Lucas is out on the balcony. He is fixing his map of Ukraine to the side wall with pieces of chewed gum. It is taking him a long time to secure it; the gum won’t stick to the tiles.

‘Rach!’ he calls. ‘Rach!’

Rachel is sitting on the floor in the kitchen. She is giving her son his first taste of solids. Ivan is semi-upright in his bouncy chair in front of her, a bib under his chin and a panicky look in his eyes. Rachel is panicking, too. She has memorised the chapter on weaning in Baby’s First Year, poring over the photographs of artfully messy kitchens and smiling, hippy-ish parents in high-ceilinged Victorian semis. She has sterilised the spoon, boiled the water, measured out the baby rice she brought with her from England and mixed it to the texture of sloppy wallpaper paste.

‘Come out here, Rach! I want to take a photo of you and Ivan.’

Rachel wishes Lucas would go to his press conference. She nudges Ivan’s chair a little further away from the open doorway with her foot.

‘It’s too cold,’ she says over her shoulder.

‘It’s not cold!’ shouts Lucas. ‘January will be cold.’ A pause. ‘You haven’t been out here at all yet.’

Rachel suspends the plastic spoon in mid-air, but she can’t blink away the falling baby, the splayed limbs, the flopping head. ‘The height makes me feel dizzy,’ she murmurs, listening as the balcony door closes and her husband’s footsteps approach along the hallway. ‘I prefer going for walks.’

‘I’m sorry you’re not keen on the flat,’ he says, leaning against the door frame. A rare memory stabs at him, swift and bright: Rachel, his new fiancée on a weekend away in Paris, stretching her arms up into the air from a viewing platform on the Eiffel Tower, flushed and teasing, pretending to fling his passport over the top of the safety barrier. She’d not been dizzy then, he thinks, though his head had been reeling. ‘We can’t move again. I’ve paid for the year up front. We wouldn’t get the money back. Anyway, you should have seen the cockroaches in my last place, not to mention the lethal wiring. This place is brighter, and safer. In the spring we can put a table on the balcony, get some pots, grow some herbs like proper Ukrainians.’

Rachel nods, slowly, as if her husband has helped her to accept something she hasn’t previously understood; as if this is the last time he needs to mention the subject. She waits for Ivan to open his mouth, then slips the spoon between his lips.

‘He doesn’t like it much!’ says Lucas, peering over Rachel’s shoulder. ‘He’s just spitting it back out.’
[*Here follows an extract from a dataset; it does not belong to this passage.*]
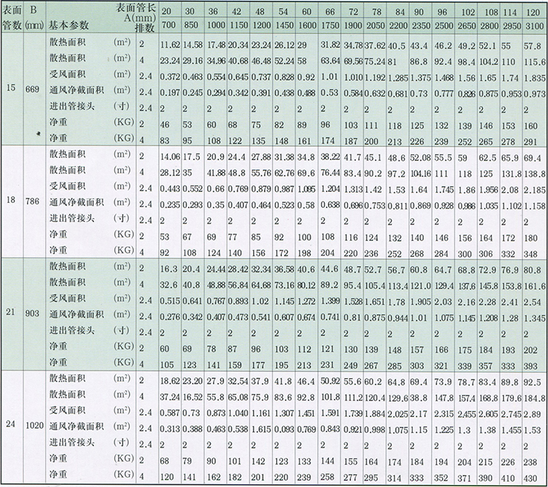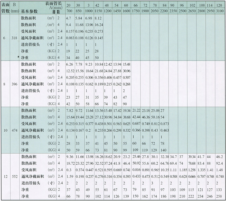 如采用四排,表面管数为(wéi)10,管长为42英寸时,则为GLⅡ-4-10-42。

‘He’s feeling it with his tongue,’ she murmurs, leaning forward and using her little finger to scoop a dribble back into her son’s mouth. ‘He’s not used to anything that doesn’t come from me.’ These are words she has memorised. They are easy to say. Easier than words about choking, turning blue, not breathing. She doesn’t know where the nearest hospital is. Lucas can’t tell her if there’s an English-speaking doctor and she wouldn’t be offering her son solids at all if he didn’t scream for milk every two hours. Her body needs a chance to heal.